What it is: Often called a drill/driver. It’s a battery-powered hole maker and a fastener driver for screws, nuts and small bolts. It’s equipped with a clutch that disengages the drill’s drivetrain when the tool reaches a specified amount of torque (turning force). By disengaging the drivetrain at that point, it prevents stripping the fastener head, snapping the fastener off or driving the fastener right through a piece of wood.

Where to use it: Use these anywhere you need to make a hole or drive a screw, set a nut or tighten a small bolt.

Mechanical insight: Four things determine the work that these tools do.

Battery voltage: It ranges from 8 volts all the way up to 60 volts with 12-volt and 18-volt the most common voltages. The larger the battery/motor voltage, the heavier work these tools can do. Increase the voltage and you can drill larger diameter or deeper holes, drive larger screws or tighten a bigger nut.

Battery size: This is measured in amp hours. The larger the battery’s amp hours, the longer you can operate a cordless drill.

Functions: Cordless drills are always equipped with a clutch that allows the tool to drill or drive, but it may also be equipped with a hammer function that allows the tool to drill a hole in concrete or stone using a carbide-tip masonry bit.

Chuck size: Cordless drills are equipped with two different size chucks, 3/8 inch or ½ inch. Choose a product with a larger chuck diameter if you expect to routinely drill larger diameter holes.

    Purchasing power: There’s no shortage of great deals on cordless drill/drivers, hammer drills and specialty tools.

    Pro Tip: Consider buying a factory-reconditioned tool at a steep discount. Sometimes these are essentially brand new tools that have no more than a few minutes or a few hours of run time. They have to be cycled through the factory reconditioning process because they are no longer considered a new product.

    Impact Drivers


    Professionals and homeowners alike find themselves using impact drivers instead of cordless drills, especially with the advent of bit sets with hex-shank accessories that are specifically designed to withstand the stresses that these drivers impose on a bit.

    Impact drivers are high-torque tools primarily used for driving screws and tightening nuts (an operation known as nut setting). Their chuck accepts only bits with a ¼-inch hex shank. You either pull up on the chuck sleeve to insert a bit or you just slip the bit into the chuck.

    These tools are lighter and smaller than drill drivers, and although they are not as versatile, they will perform many of the same functions. Since their torque output is higher than a typical drill driver, they get through work more quickly.

    Purchasing power: Like cordless drills, great deals are to be had on some of our favorite impact drivers if you know where to look.

    Corded Drills


    What it is: A drill powered by a 120-volt motor and a conventional 3-jaw chuck.
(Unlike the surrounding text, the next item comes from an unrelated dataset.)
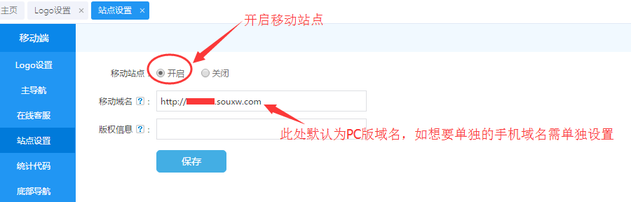 2、在系統后臺開啟移動站點,并設置好移動端域名:

These drills are traditional products and are often used for heavy-duty applications in drilling holes in wood, concrete, and steel. Since they are not equipped with a clutch, they are not designed to tighten or drive fasteners. They excel at hole drilling.

    Where to use it: Use these anywhere you need to make a hole, and especially in places where the drill’s size will not limit its usefulness. Where the drill’s size might pose a problem, see the specialist sidebar for right-angle drills.
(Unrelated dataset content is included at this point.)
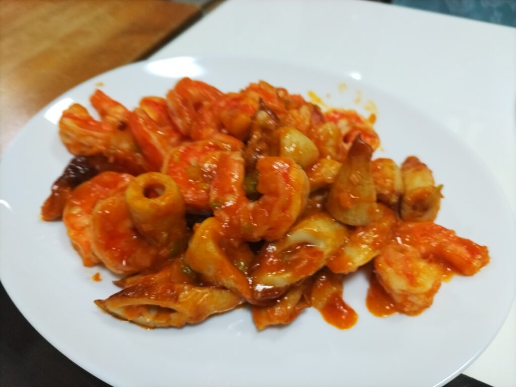 エビチリ 意外とクラッカーとも合う ネギが甘くて美味い 美味しかったです

    Mechanical insight: Four things determine the work that these tools do.

    Amperage: Amperage is the flow of electrical current. Corded drills come in a range of motor capacities from 6 to 13 amps. The more amperage they draw, the heavier the work you can expect to do with them.

    Chuck size: Corded drills will have a 3/8, ½-inch, 5/8-inch or ¾ inch chuck. Choose a chuck with a larger capacity diameter if you expect to routinely drill large holes.

    Functions: Corded drills may or may not be equipped with a hammer function for drilling concrete and stone.

    Most corded drills are variable speed to help you better drill a combination of materials. But a few are single speed.

      Purchasing power: There’s no shortage of great deals on corded drills, hammer drills, and specialty tools. You're going to want to buy a little more drill than you think you might need, but don’t go too crazy, either.